As we discuss and deliberate on the match fixing scandals of the past, new debacles are being uncovered across different jurisdictions. At present the Asia World Cup (football) qualifier match between Bahrain and Indonesia is being investigated by FIFA, wherein Bahrain managed a spectacular feat by scoring ten goals while conceding none. In addition the chairman of the of the Turkish football club Fenerbahçe Aziz Yıldırım, is facing a trial for an attempt to fix close to 19 matches of the Turkish Football Lig.

In order to combat the evils of match fixing, it is important that sporting organizations across the world join hands to adopt a united and an integrated approach. The proactive participation of the players, coaches, match officials, etc., in curbing such activities is of significant importance too, as after all, they are the ones who are approached and lured by bookies to engage in such activities. Though strict sanctions, such as a lifetime ban from participation in the sport if found guilty may prove to be a strong deterrent factor, the issue which needs immediate attention is the development of a strong mechanism to detect such illegal activities in time so that instant action can be taken against the wrongdoers.
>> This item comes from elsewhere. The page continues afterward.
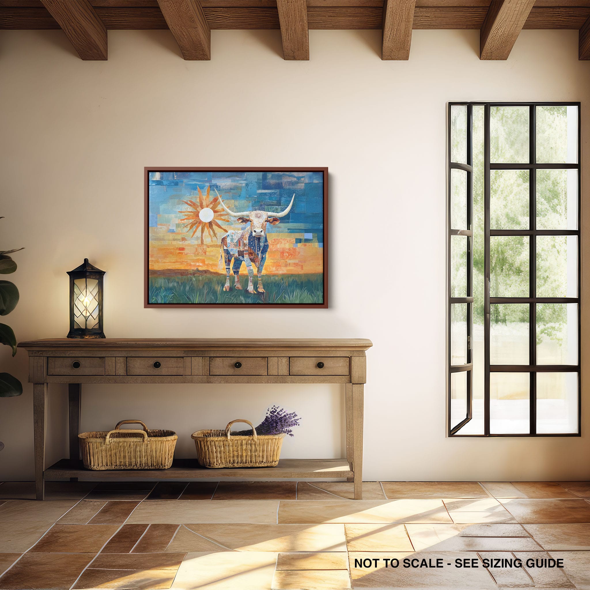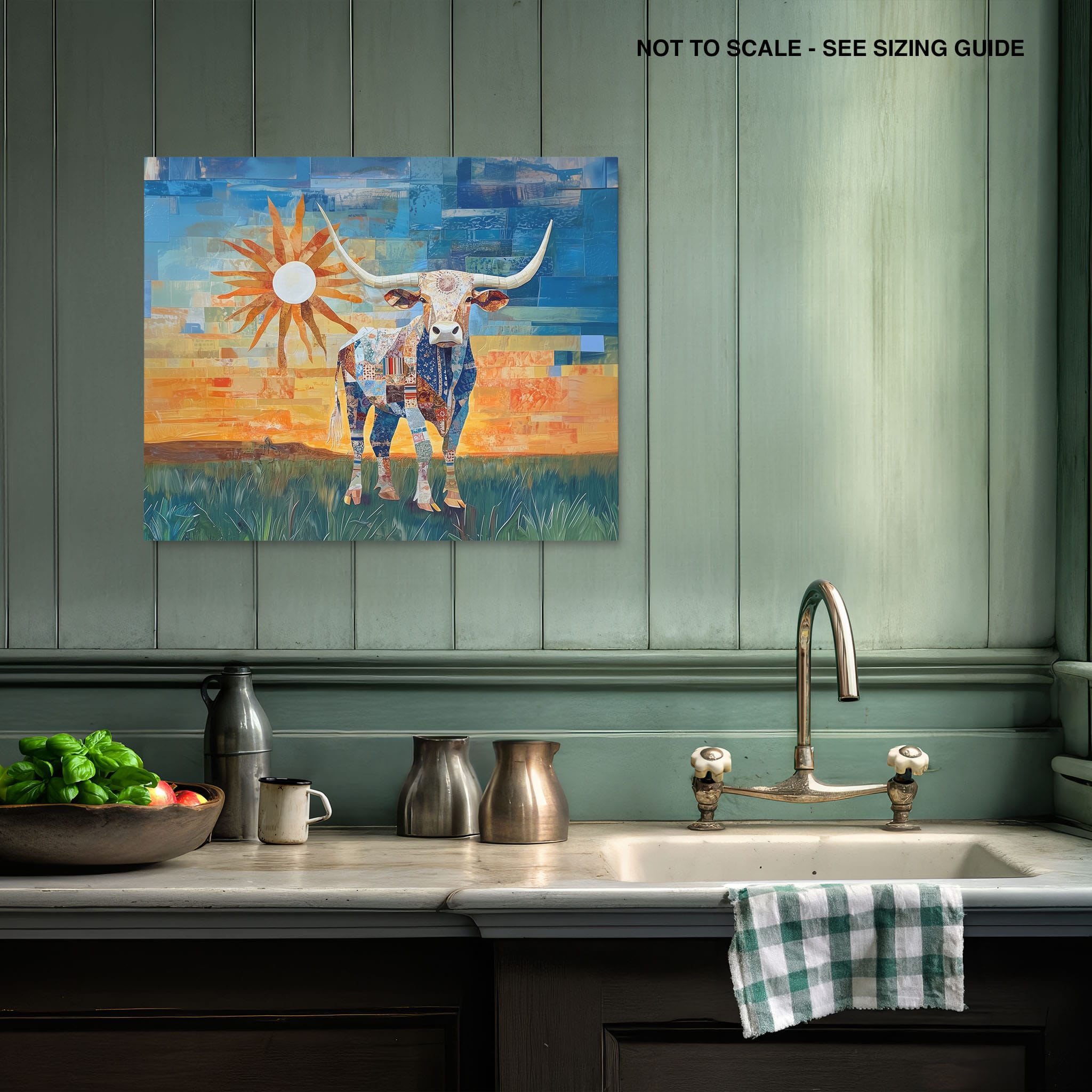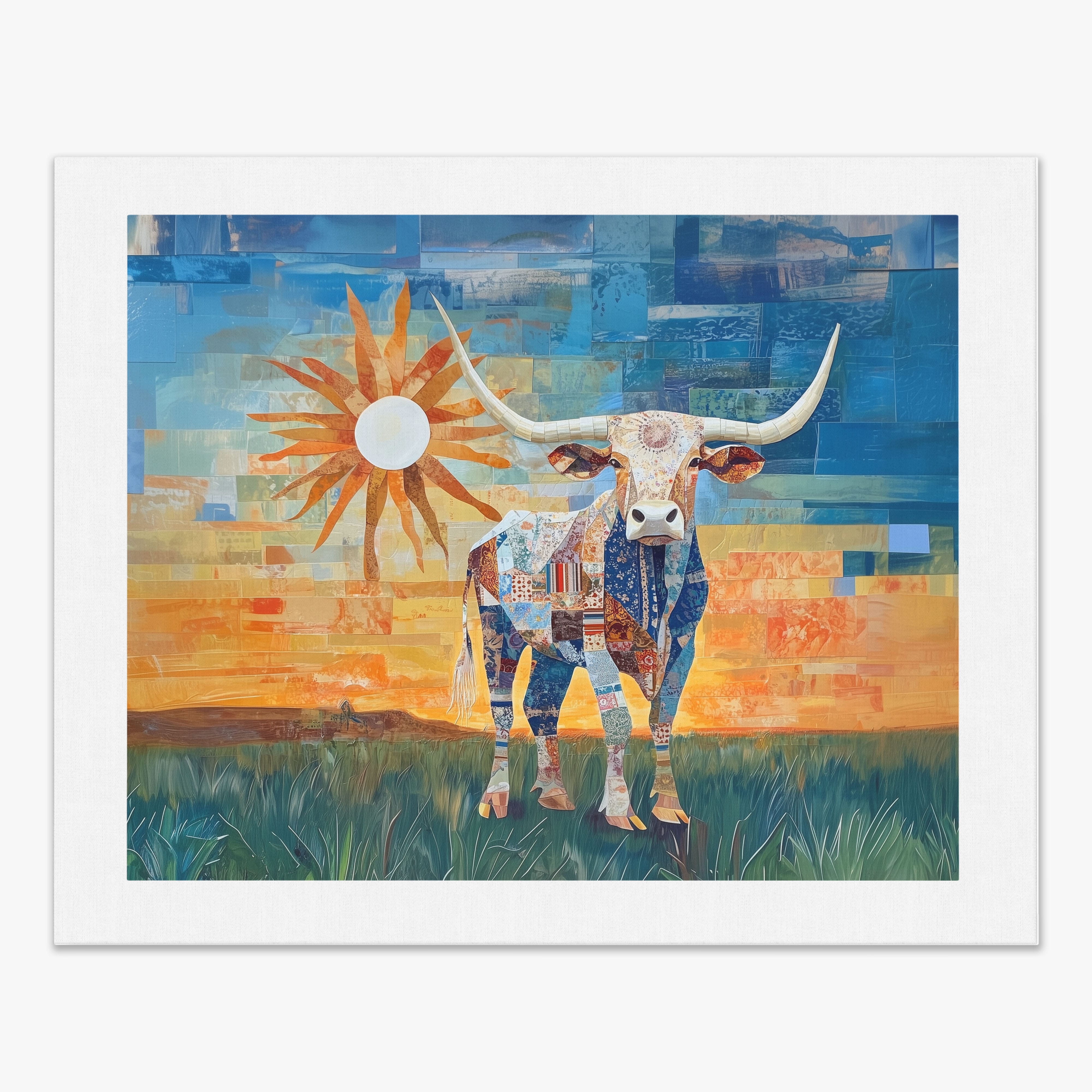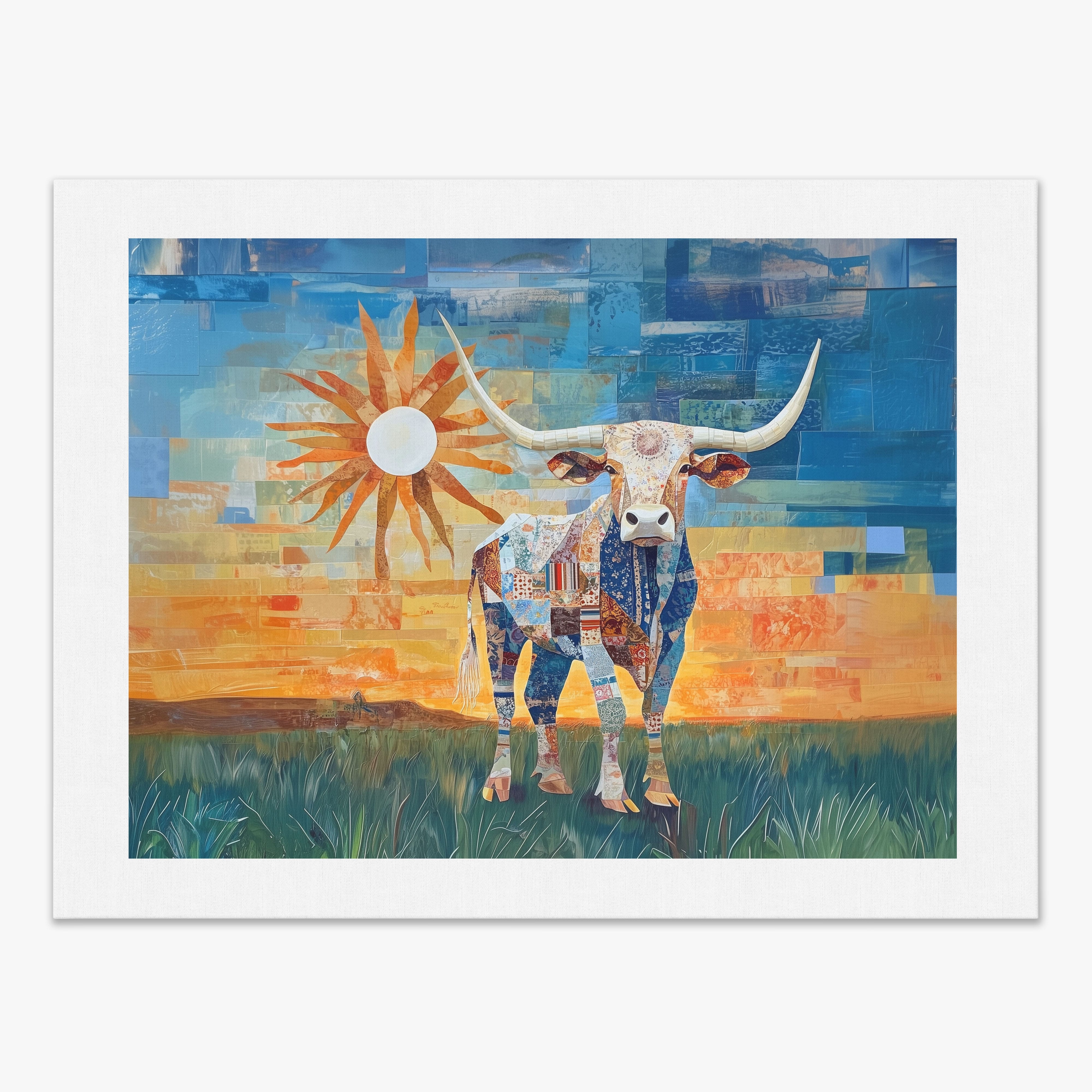 Infuse your space with the vibrant soul of the American Southwest. Southwestern Sunset Tapestry is a masterful textile illustration capturing a majestic longhorn basking under a radiant, mosaic sun. Each piece brings together intricate patterns and rich hues, creating a colorful tapestry that symbolizes resilience and freedom. The blend of mosaic artistry and southwestern elements makes it a perfect focal point for any room, exuding warmth and regional charm. Ideal for art enthusiasts seeking to enrich their decor with a touch of cultural heritage and artistry. Embrace the spirit of the West with this stunning conversation piece.

Though entrapment, phone tapping, etc., can serve as useful aids, they might come under legal scrutiny if they infringe on an individual’s privacy or induce an innocent individual to commit a wrong he would otherwise not have.

Perhaps the most challenging task before the governing bodies of sport, players, officials, etc., is to maintain the integrity of sport as even isolated match fixing incidents may scar the fans, followers and supporters of the sport, for life. The idea or notion of match fixing, once implanted, will develop into a strong conviction which will lead them to question and suspect every outstanding performance or feat which may have been the product of sheer sporting excellence, hard work or even luck.